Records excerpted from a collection
★ ★ ★ ★ ★

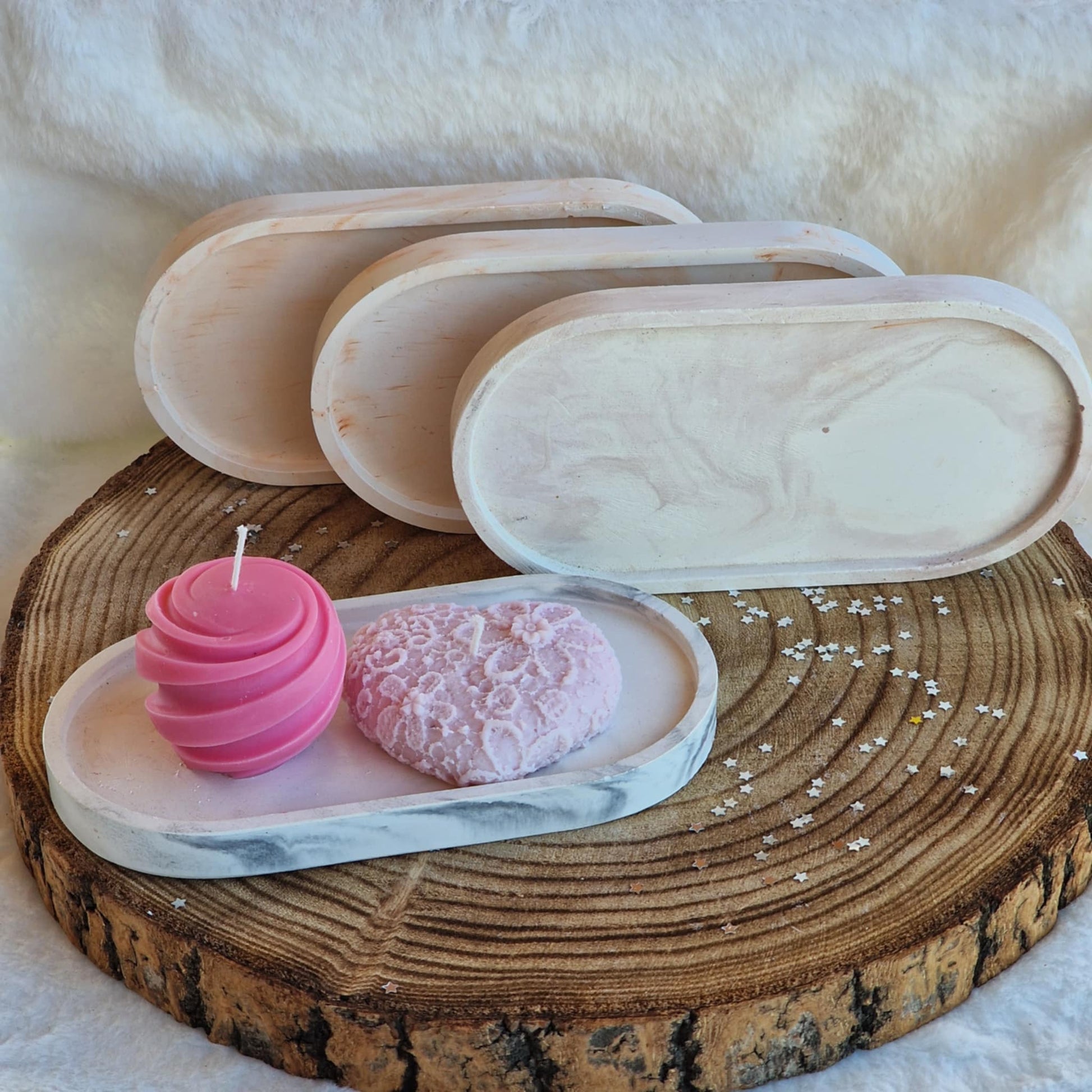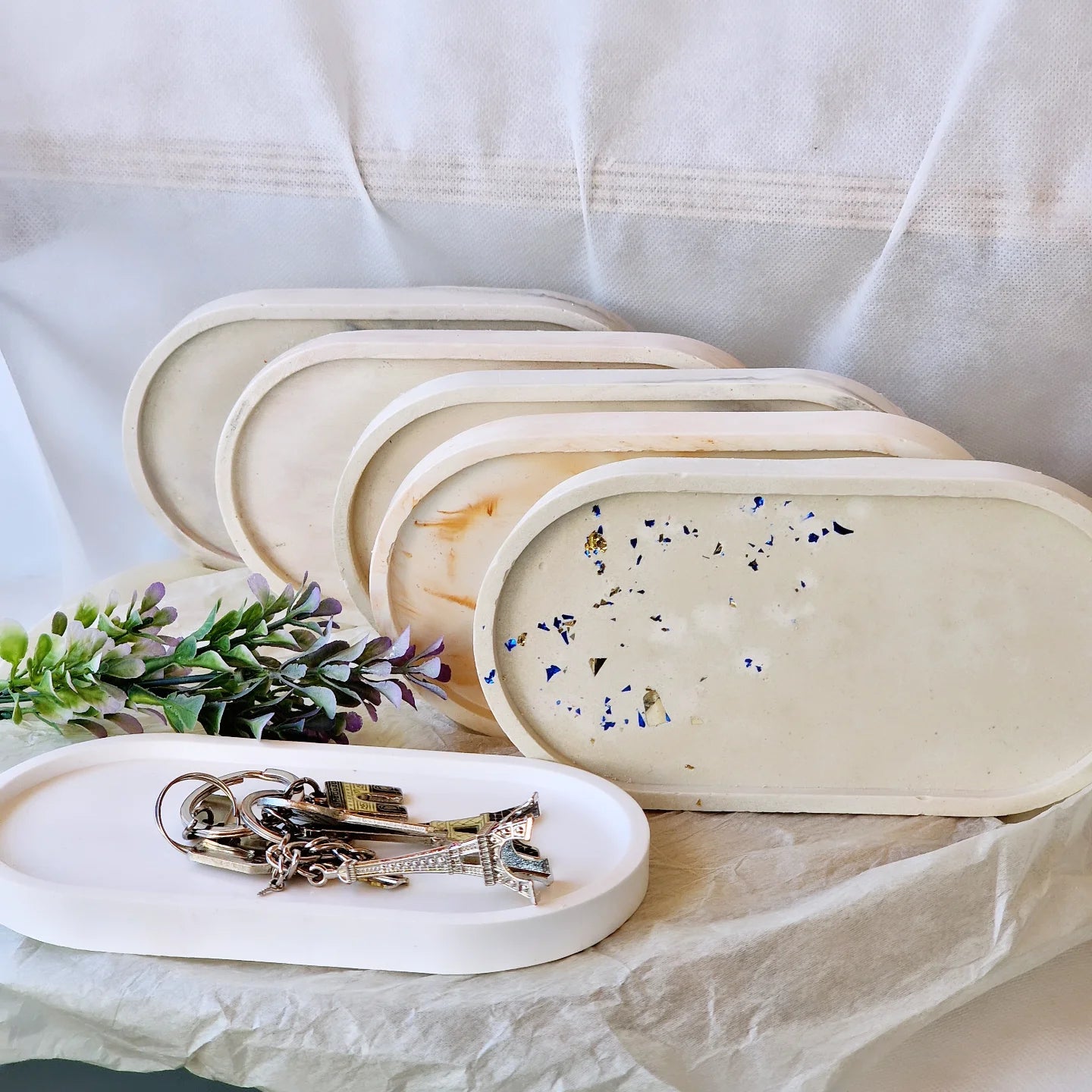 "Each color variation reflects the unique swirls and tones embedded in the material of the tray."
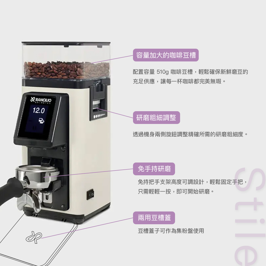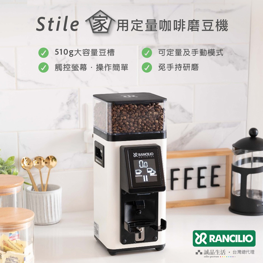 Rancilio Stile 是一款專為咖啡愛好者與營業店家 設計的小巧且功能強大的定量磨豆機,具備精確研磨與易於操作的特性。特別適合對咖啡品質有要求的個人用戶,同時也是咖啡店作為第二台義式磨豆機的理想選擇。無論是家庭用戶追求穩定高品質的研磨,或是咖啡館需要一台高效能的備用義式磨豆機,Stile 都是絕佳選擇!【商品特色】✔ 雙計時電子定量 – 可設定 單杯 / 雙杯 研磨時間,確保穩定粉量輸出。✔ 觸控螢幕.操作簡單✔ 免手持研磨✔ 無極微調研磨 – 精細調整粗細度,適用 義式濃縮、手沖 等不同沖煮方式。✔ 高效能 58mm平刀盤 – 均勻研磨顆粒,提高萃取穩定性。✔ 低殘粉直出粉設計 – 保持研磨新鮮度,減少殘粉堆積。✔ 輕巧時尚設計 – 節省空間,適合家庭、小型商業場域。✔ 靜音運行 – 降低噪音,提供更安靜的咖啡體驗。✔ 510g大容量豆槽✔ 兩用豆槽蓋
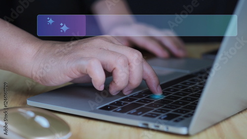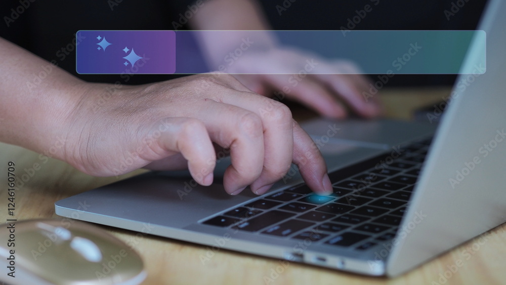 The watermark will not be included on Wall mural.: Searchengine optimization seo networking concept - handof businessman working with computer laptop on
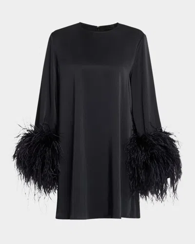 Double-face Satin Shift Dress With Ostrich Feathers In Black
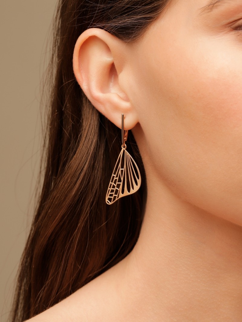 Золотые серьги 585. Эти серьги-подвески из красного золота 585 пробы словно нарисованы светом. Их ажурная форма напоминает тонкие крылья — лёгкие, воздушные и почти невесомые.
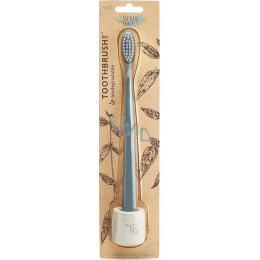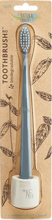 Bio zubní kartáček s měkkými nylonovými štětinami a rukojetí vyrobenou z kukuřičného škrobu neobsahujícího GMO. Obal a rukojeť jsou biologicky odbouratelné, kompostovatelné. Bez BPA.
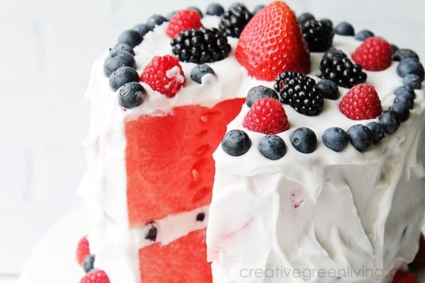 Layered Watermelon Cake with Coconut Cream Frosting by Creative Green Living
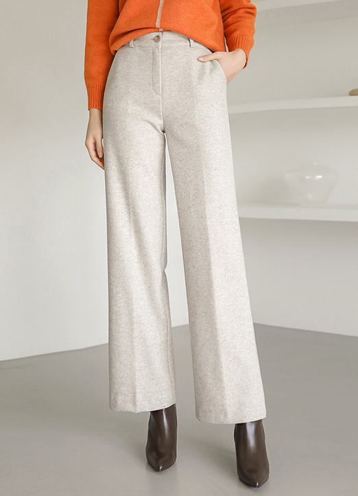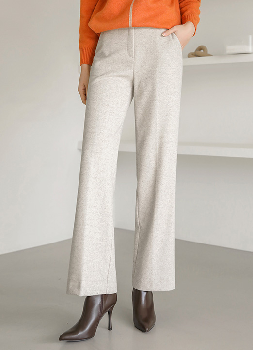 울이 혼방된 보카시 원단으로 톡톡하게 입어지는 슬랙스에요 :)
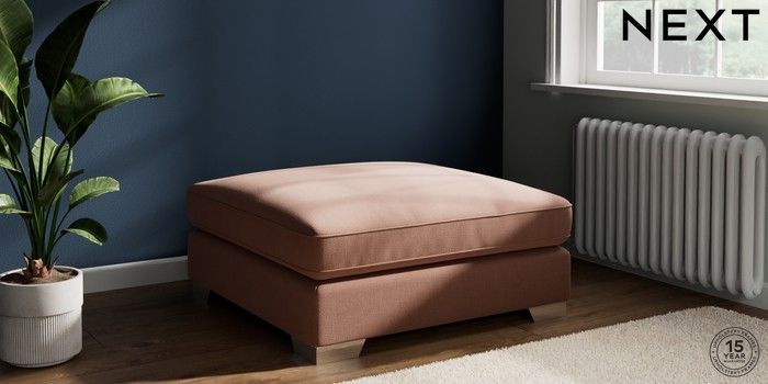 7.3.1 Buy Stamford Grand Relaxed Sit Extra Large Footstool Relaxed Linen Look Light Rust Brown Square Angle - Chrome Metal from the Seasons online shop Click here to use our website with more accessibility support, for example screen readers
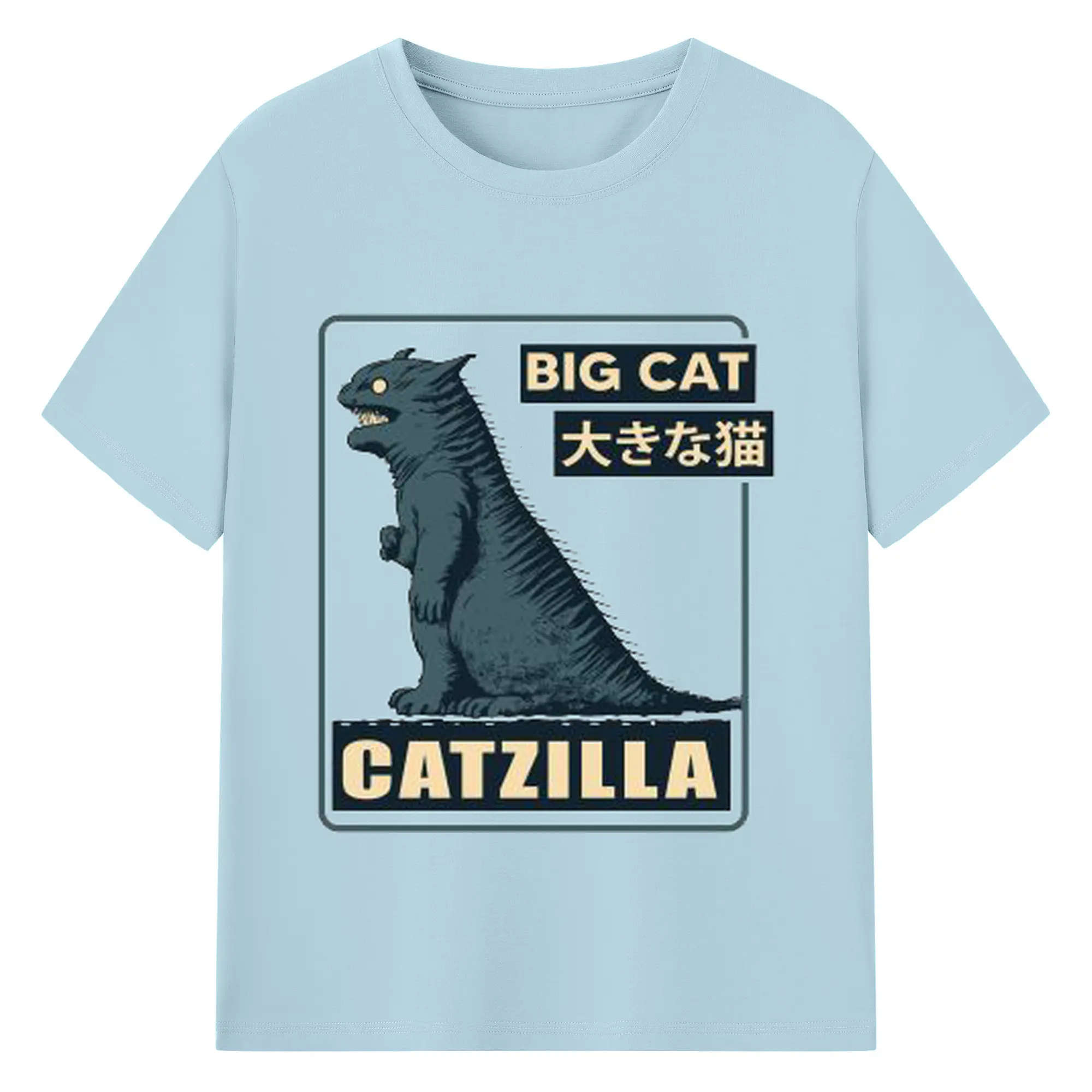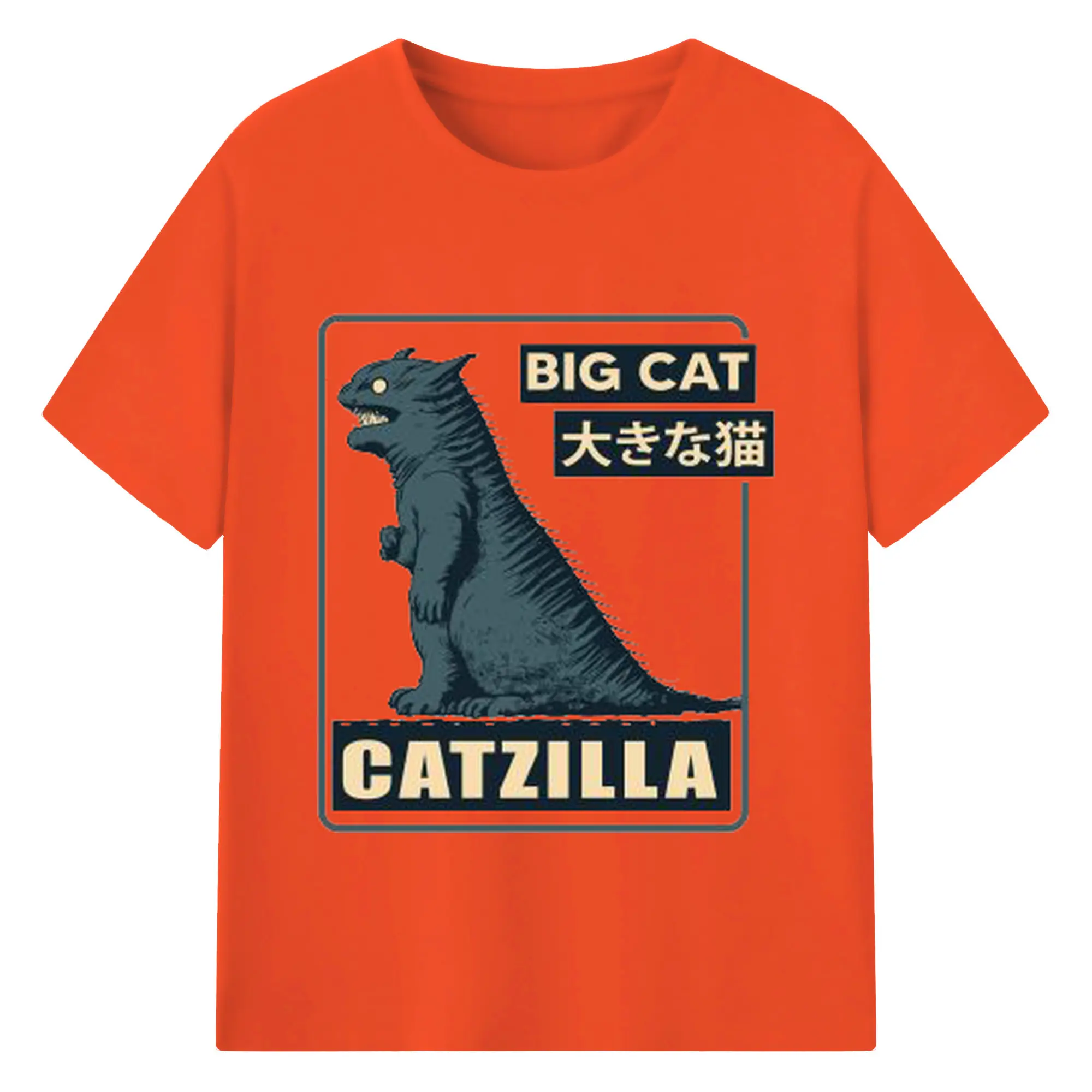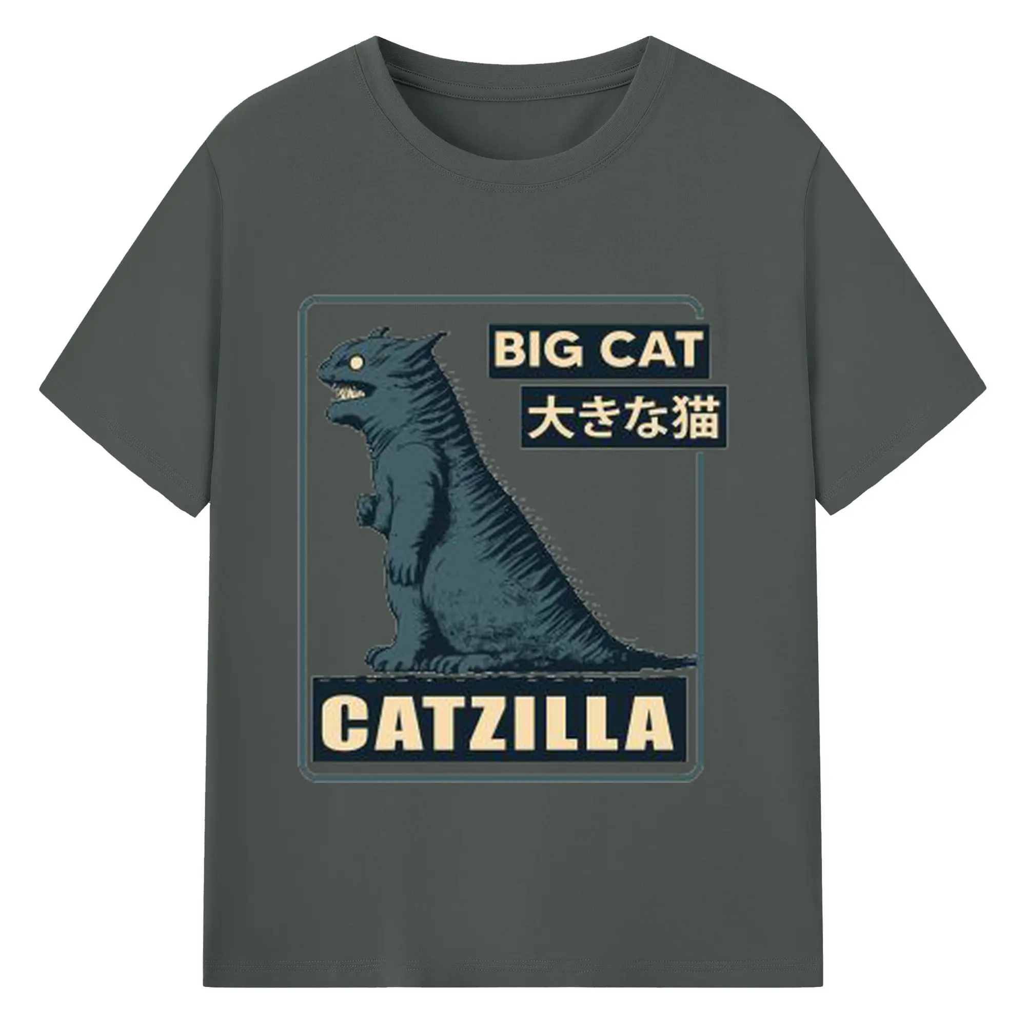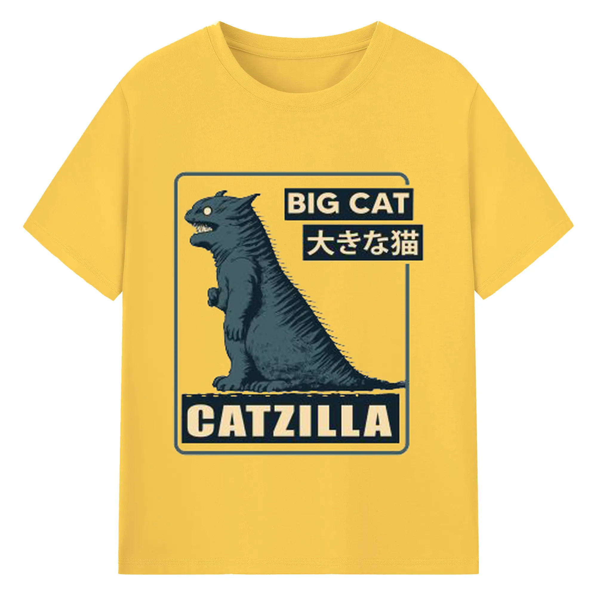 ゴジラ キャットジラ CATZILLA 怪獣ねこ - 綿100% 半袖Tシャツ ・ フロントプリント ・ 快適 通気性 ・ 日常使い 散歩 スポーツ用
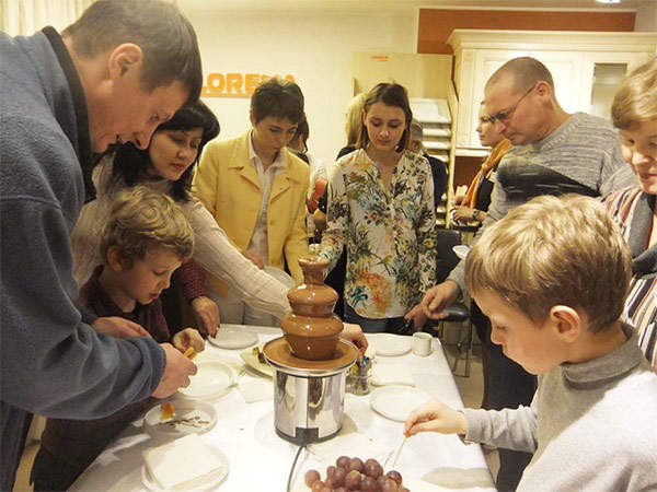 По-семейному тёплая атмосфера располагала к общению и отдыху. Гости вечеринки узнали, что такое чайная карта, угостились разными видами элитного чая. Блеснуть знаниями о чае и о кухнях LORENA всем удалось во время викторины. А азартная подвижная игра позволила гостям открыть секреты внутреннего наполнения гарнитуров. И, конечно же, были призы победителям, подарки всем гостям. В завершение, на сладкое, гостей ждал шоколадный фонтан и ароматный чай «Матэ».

★ ★ ★ ★ ★

Start at the top of the entries and repeat each line exactly, ending at the line that contains "Double-face Satin Shift". Pictures are not part of the copy.

 "Each color variation reflects the unique swirls and tones embedded in the material of the tray."
 Rancilio Stile 是一款專為咖啡愛好者與營業店家 設計的小巧且功能強大的定量磨豆機,具備精確研磨與易於操作的特性。特別適合對咖啡品質有要求的個人用戶,同時也是咖啡店作為第二台義式磨豆機的理想選擇。無論是家庭用戶追求穩定高品質的研磨,或是咖啡館需要一台高效能的備用義式磨豆機,Stile 都是絕佳選擇!【商品特色】✔ 雙計時電子定量 – 可設定 單杯 / 雙杯 研磨時間,確保穩定粉量輸出。✔ 觸控螢幕.操作簡單✔ 免手持研磨✔ 無極微調研磨 – 精細調整粗細度,適用 義式濃縮、手沖 等不同沖煮方式。✔ 高效能 58mm平刀盤 – 均勻研磨顆粒,提高萃取穩定性。✔ 低殘粉直出粉設計 – 保持研磨新鮮度,減少殘粉堆積。✔ 輕巧時尚設計 – 節省空間,適合家庭、小型商業場域。✔ 靜音運行 – 降低噪音,提供更安靜的咖啡體驗。✔ 510g大容量豆槽✔ 兩用豆槽蓋
 The watermark will not be included on Wall mural.: Searchengine optimization seo networking concept - handof businessman working with computer laptop on
 Double-face Satin Shift Dress With Ostrich Feathers In Black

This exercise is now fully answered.